Malgré ma conviction intime et bien fondée que, dans aucun cas,
on ne trouvera personne capable de me remplacer pour la bonne administration des
finances et pour les jeux de bourse, je n'en suis pas moins décidé
à m'opposer à tout changement du personnel parmi nous : en conséquence,
je suis tout prêt à repousser les nouveaux venus.
PASQUINIER.
Puisque nous sommes tous d'accord sur ce point important, laissons faire Virelaile
et Corenbière, et n'ayons d'autre soin que celui de faire échouer
leurs projets. Pauvrelieu sera pour nous dès qu'il connaîtra les
prétentions exagérées des ultrà. Séparons-nous
maintenant : nous nous reverrons bientôt. En attendant, faisons toujours
bonne mine à ceux qui veulent notre chute, et employons ruse contre ruse.
ACTE III.
PAUVRELIEU, VIRELAILE, CORENBIÈRE.
PAUVRELIEU.
En vérité, Messieurs, il me semble que la part que nous vous offrons
dans l'administration générale est assez belle pour vous satisfaire,
et cependant, pour contenter votre ambition et celle de vos amis, il faudrait
nous dépouiller nous-mêmes de toute autorité et renoncer à
toute influence. Si l'on vous laissait faire, Messieurs, tous les départemens
du ministère actuel ne vous suffiraient pas ; il faudrait encore accorder
à vos amis les directions générales, les préfectures,
etc. etc. En vérité, c'est trop fort.
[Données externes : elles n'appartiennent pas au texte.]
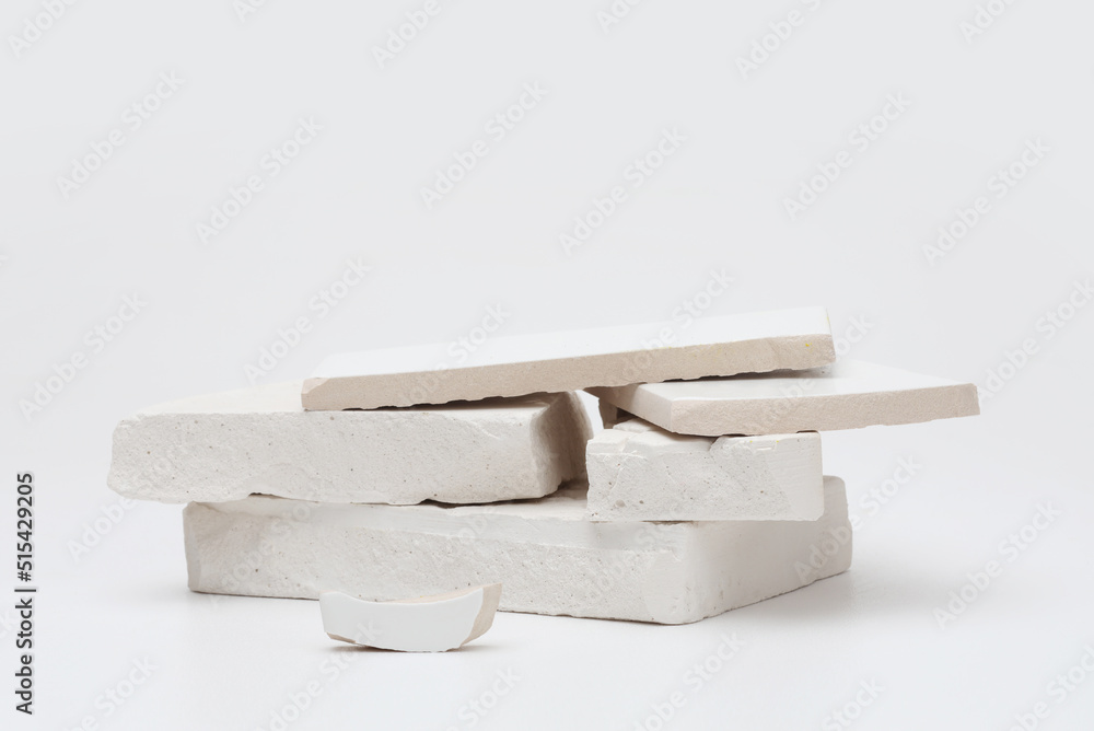 Stack stones platform podium on gray light copy spase background. Minimal empty display product presentation scene.
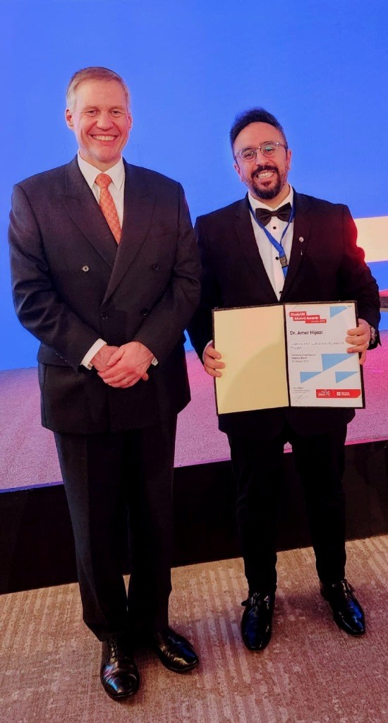 وقد تم تسليم الجائزة من سعادة السيد فيليب هول OBE، سفير المملكة المتحدة في الأردن، وذلك بحضور الأستاذ الدكتور ظافر الصرايرة، رئيس هيئة اعتماد مؤسسات التعليم العالي وضمان جودتها. كما شهد الحفل عددا من ممثلي قطاع التعليم العالي، ورؤساء الجامعات، وخريجي المملكة المتحدة، وكبار الشخصيات الأكاديمية الأردنية.
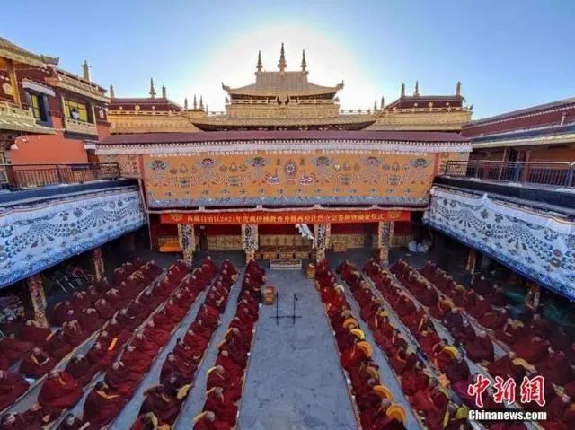 (資料圖:4月5日,西藏自治區(qū)2021年度藏傳佛教學(xué)經(jīng)僧人考核晉升格西拉讓巴學(xué)位立宗答辯暨頒證儀式在大昭寺舉行。中新社記者江飛波攝)
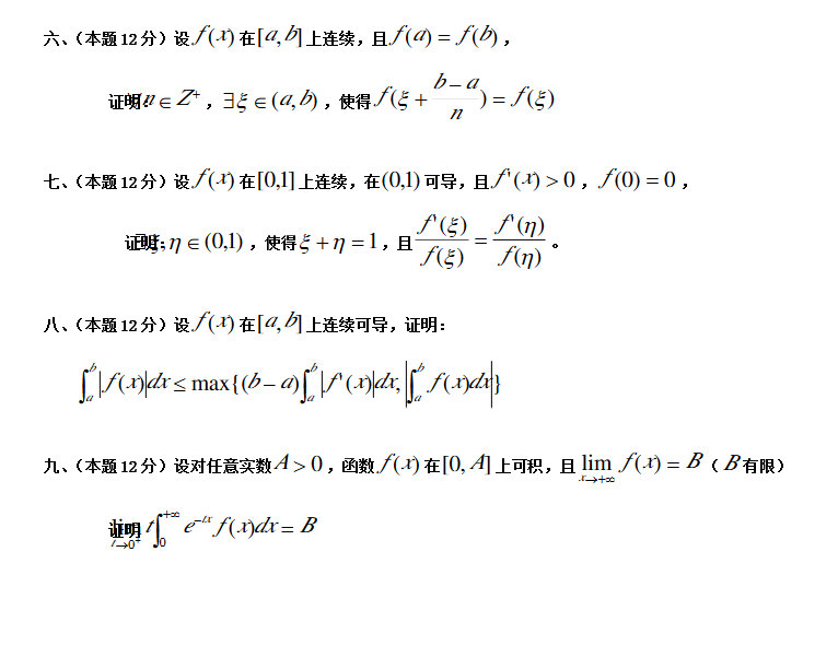 天津工业大学硕士研究生入学考试业务课程大纲课程编号:601 课程名称:数学分析一、考试的总体要求本课程要求学生能正确掌握数学分析的基本概念、基本理论和基本技巧,能为以后从事科学研究和继续学习奠定坚实的基础。二、考试内容:1、极限与连续性(40%)1) 极限的定义及其证明; 2) 函数连续性、一致连续 ...
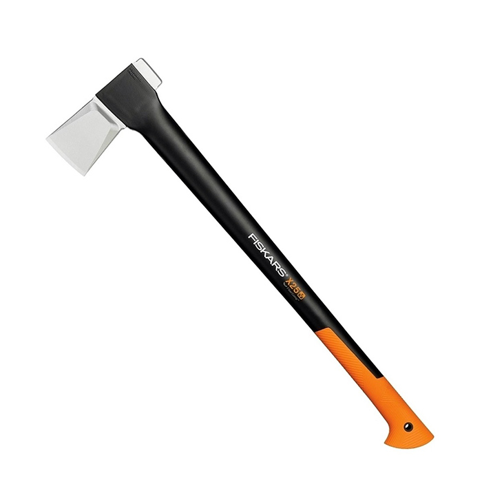 • Το τσεκούρι σχισίματος XL X25 της Fiskars είναι ιδανικό για μεγάλους κορμούς με διάμετρο μεγαλύτερη από 30 cm. Η παχιά λεπίδα του δίνει επιπλέον ώθηση για να χωρίσει ακόμα και τα πιο χοντρά κούτσουρα.
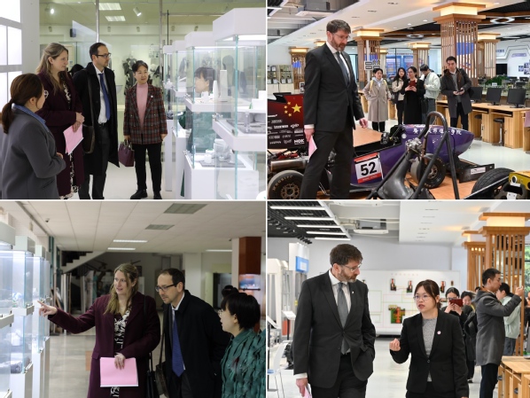 利物浦大学代表团还参观了我校绿智汽车与交通现代技术实验室及珠宝学院。在智能驾驶与轨道交通沙盘实践教学区,来宾对我校校企合作、学生赛车实践等多方面的成果表示肯定。在珠宝学院,来宾仔细欣赏掐丝珐琅与3D打印智能珠宝系列,高度赞扬我校在东方美学与数字智造方面的教育融合。
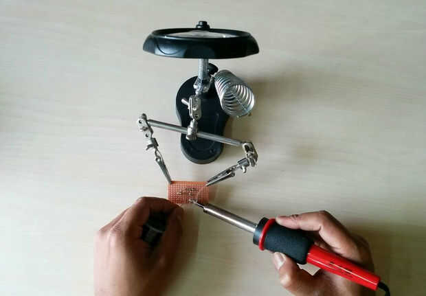 Para hacer el circuito terminado, soldado los componentes en una tarjeta perforada.
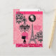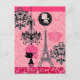Fransk Girly Eiffel Torn, Puppy & Damask Elegant Vykort
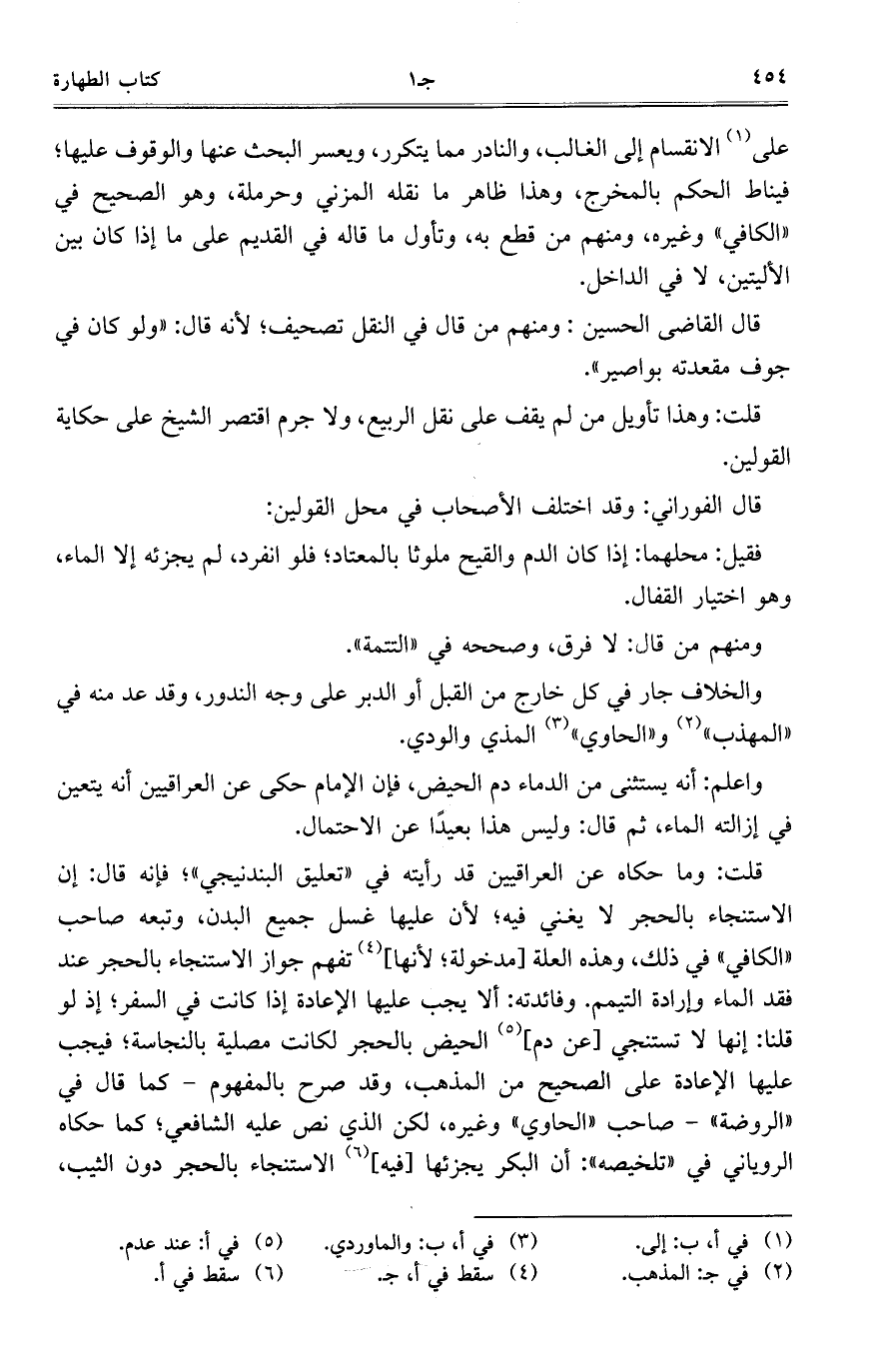واعلم: أنه يستثنى من الدماء دم الحيض؛ فإن الإمام حكى عن العراقيين ـنه يتعين

Vous nous avez rendu quelques
services, il est vrai, mais vous voulez en être payés trop largement
; et, pour mon compte, je ne puis y consentir.
VIRELAILE.
Vous prenez la chose trop vivement, M. le duc, et nous n'avions pas lieu de nous
y attendre, après tout ce que nous avons fait pendant la dernière
session pour le ministère que vous présidez. Que demandons-nous
au total ? Rien que trois portefeuilles : celui des cultes et de l'instruction
publique pour mon collègue Corenbière, qui l'a bien mérité
; celui de la guerre pour M. le duc de Bettelune, qui veut bien s'en charger ;
et celui de l'intérieur pour moi, si vous m'en jugez digne ; cela peut
se faire sans presque déranger personne, si ce n'est le vieux Sixmelons.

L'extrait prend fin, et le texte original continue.